Изменить стиль страницы

— Понятно, — пожал плечами Пешш.

— Конечно, — эхом откликнулся Чезе.

Мужчины снова переглянулись и одновременно дали задний ход.

Нужно что-то делать с лицом. А может, и с собственным секретарем заодно — он явно что-то знает. А если они еще споются с Пешшем, то, учитывая аналитические таланты последнего, эта парочка докопается до истины, даже не заглядывая в командорский сейф.

И ведь вопрос действительно серьезнее некуда, учитывая все эти политические пляски вокруг Корпуса. По уму — убрать обоих подальше отсюда, предварительно прочистив мозги.

Все-таки работает Чезе на кого-нибудь на стороне? И на кого, если да?…

Я машинально начала закрывать лишние голо-экраны. Экран с письмом все еще требовательно мигал красным цветом.

Поколебавшись, я начала писать ответное сообщение с вежливым отказом… и на середине строки выключила портативку вообще. Не получит вовремя, начнет меня искать, попадется на глаза охране… Объясню все сама — не переломлюсь. Нечего Тану делать в застенках Корпуса.

Мне нравился этот веселый, общительный до настырности и действительно талантливый парень. Хотя какой он парень — взрослый мужчина, даже внуки уже пошли, судя по подслушанному. Но ведет себя он именно как студент, временами напоминая мне Чезе, да и не видела я его настоящего лица… Да, он мне нравился — может, потому, что в детстве я втайне мечтала быть именно такой. Общительной и талантливой.
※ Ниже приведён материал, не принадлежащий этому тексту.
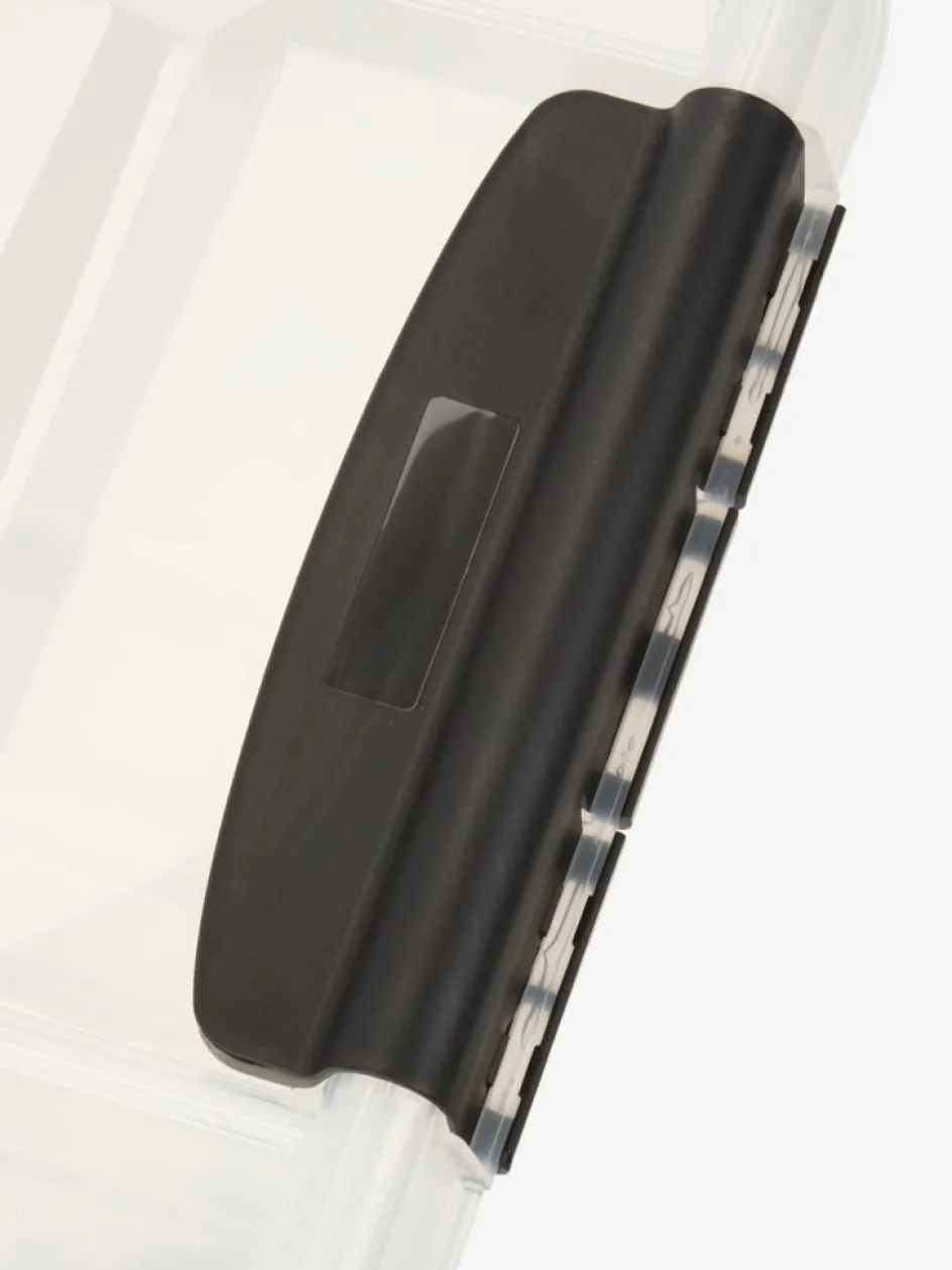 Boîte de rangement avec couvercle en plastique transparent, ce qui permet de voir facilement et d’avoir un aperçu du contenu. La boîte est empilable, vous pouvez donc optimiser votre espace de rangement. Les rainures dans le couvercle garantissent que les boîtes restent stables lorsqu’elles sont empilées. Les poignées à clip pratiques assurent une fermeture hermétique et une bonne prise en main lors du transport et du déplacement de la boîte. La boîte est munie de roulettes, elle peut donc être facilement roulée et déplacée. Peut contenir 70 litres. l39 x L73 x H39 cm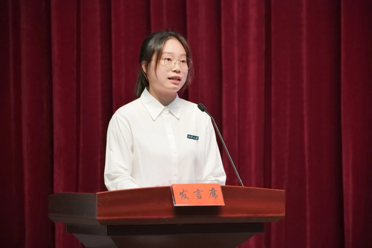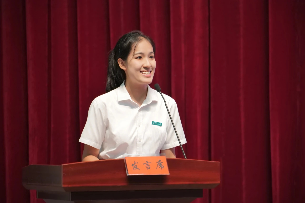 新生代表史潇琳同学以“正青春的我们遇到了正青春的湘大”为主题,希望大家能立青云之志,作传承者;怀报国之情,作躬耕者,展现了新时代青年朝气蓬勃的青春面貌。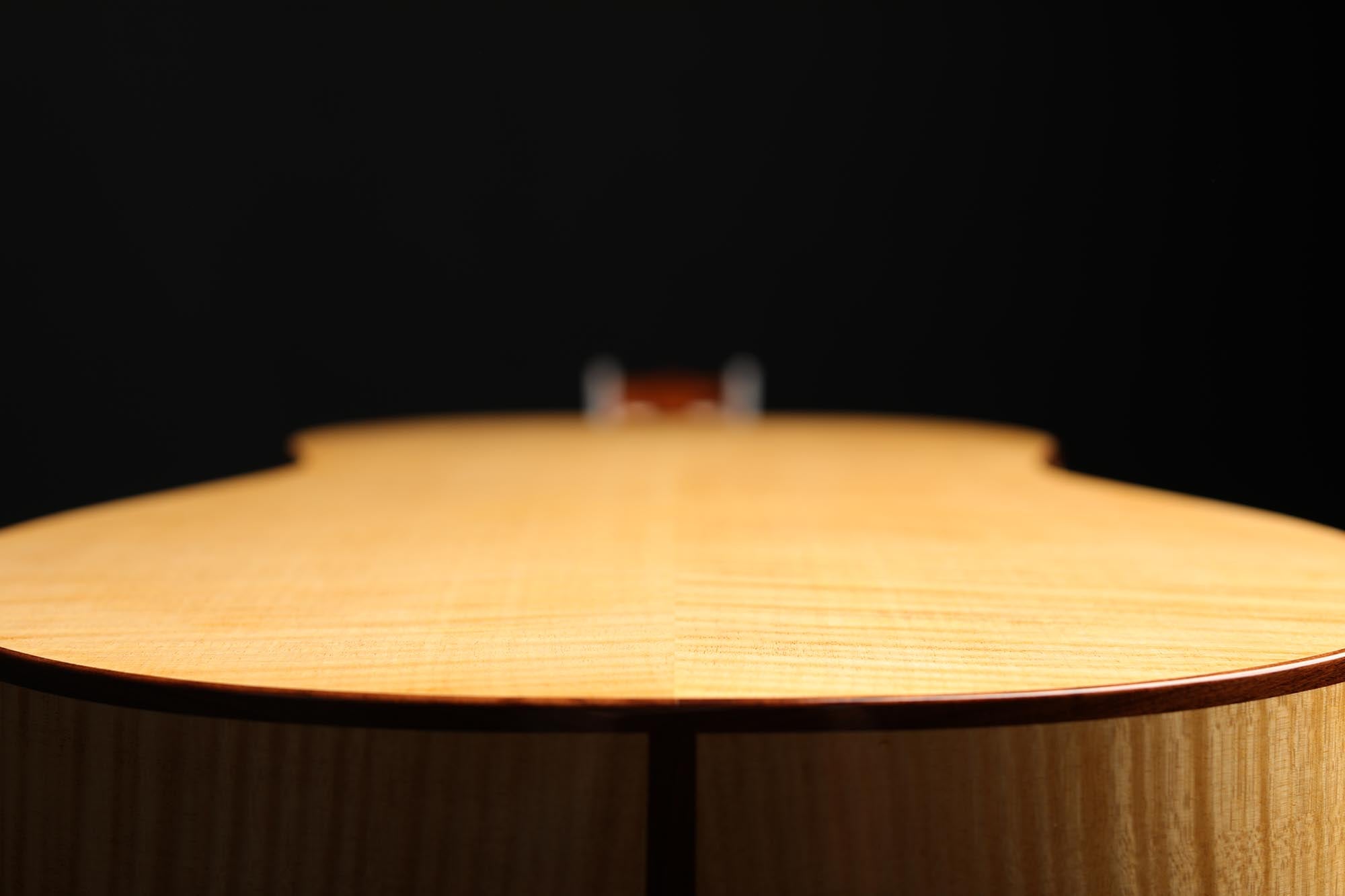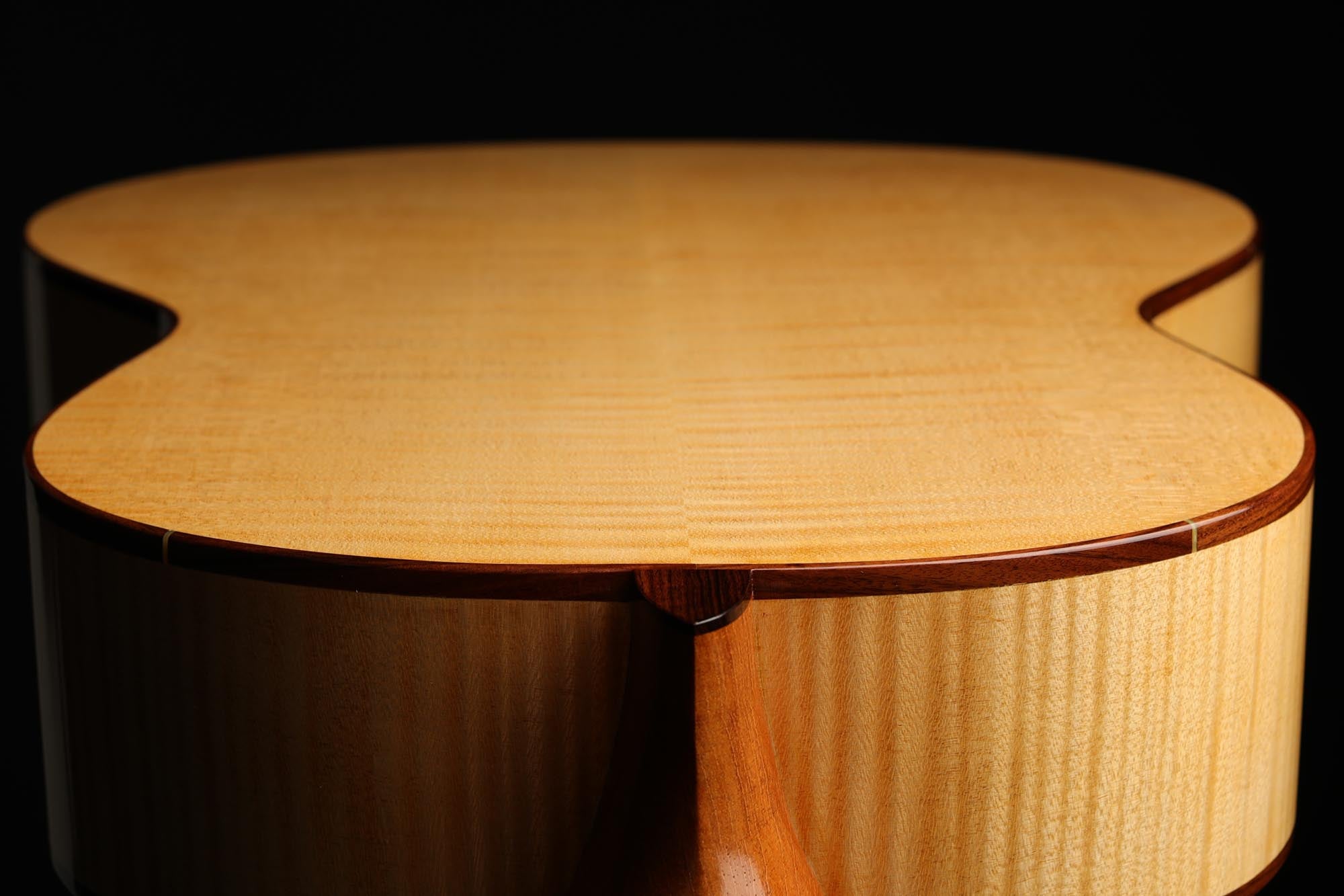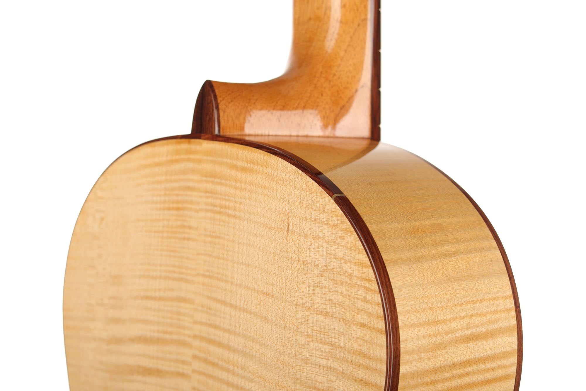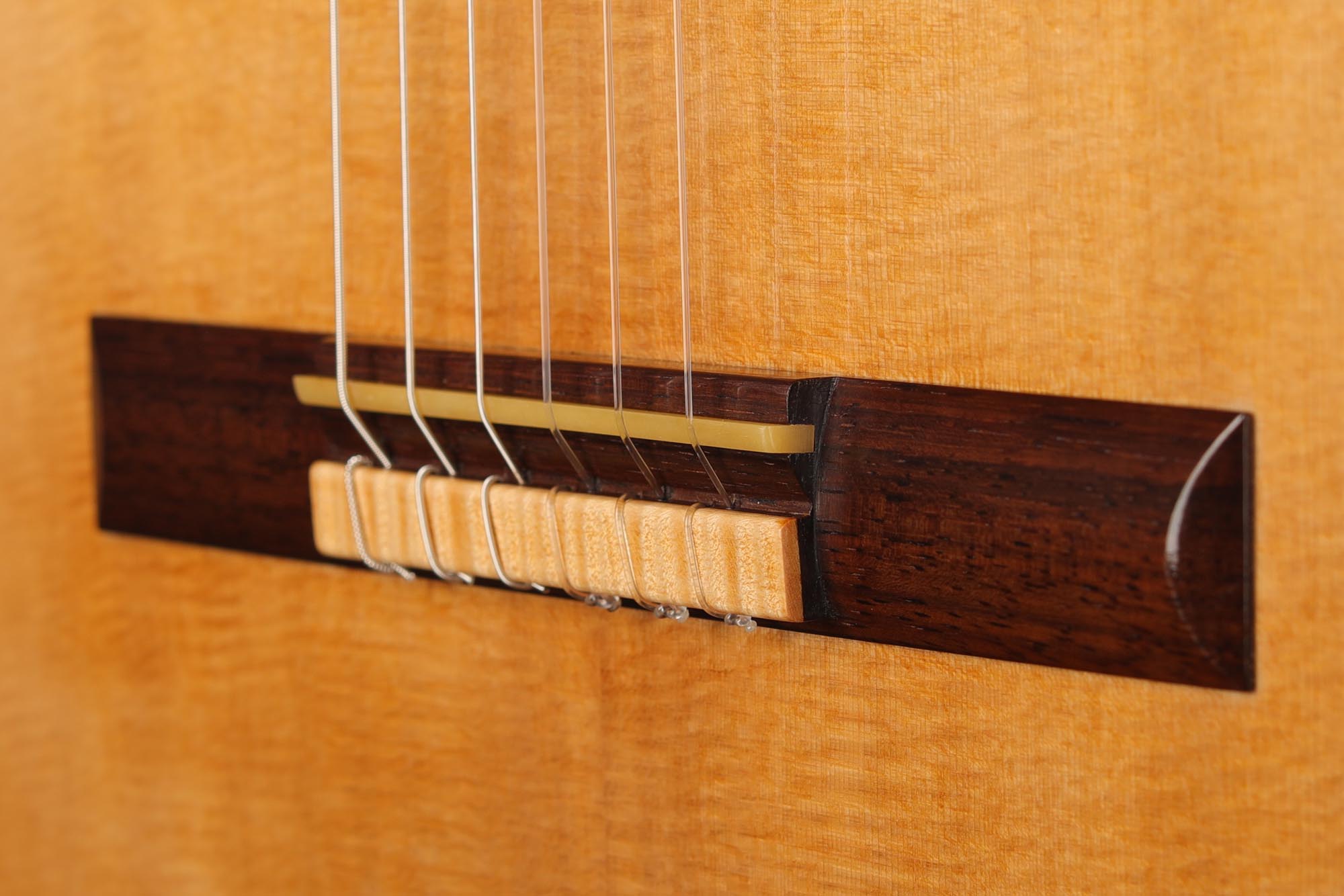This beautiful guitar built-in 2020 comes straight from Michael Brey's workshop. It has a very charming design with an alpine spruce top and a maple back and sides. This instrument shows abundant small marquetry details that make it a really charming guitar. The rosette, for example, is a subtle combination of wood fillets in contrasting colors and fine inlays. The guitar has a very appealing warm sound, with clear trebles and well-supporting basses. Thanks to the 64.4 cm scale length and the slightly narrower saddle, this instrument is very easy to play and is both dynamic and sensitive. It is surprisingly powerful in sound and the somewhat small shape of this guitar gives a real feeling of control over the instrument. Due to the easy to find voice colors this Michael Brey guitar offers a wide range of possibilities. Thus it is altogether a comfortable and very versatile classical guitar.

Смотреть, как во всех тех, с кем играла в «камешки» в детском гнезде, у одного за другим просыпается дар… Как наставники возникают под заплетенной лазурными листиками аркой, и их взгляд каждый раз скользит мимо тебя — а гнездо покидает кто-то другой… Да, это обидно. Обидно быть среди тех странных детей, в ком дар проснулся на двадцать лет позже срока, да и то — настолько слабый, что не годился ни для кого, кроме ученицы врача. Но и хорошего врача, что тоже обидно, из тебя получиться не может. Врач должен встраиваться в любую сеть вообще без подготовки, а ты замкнулась на собственном гнезде и не любишь посторонних — ты вообще не любишь, когда тебя жалеют, а жалеют тебя все, кроме бабушки. За то, что некрасива и блекла, как лунный серп. За то, что только твой клан, клан Стражей Границ, запятнал себя связью с чужаком — связью, которая не лишила ни сил, ни красоты твою мать, зато отыгралась на тебе — внучке этого чужака.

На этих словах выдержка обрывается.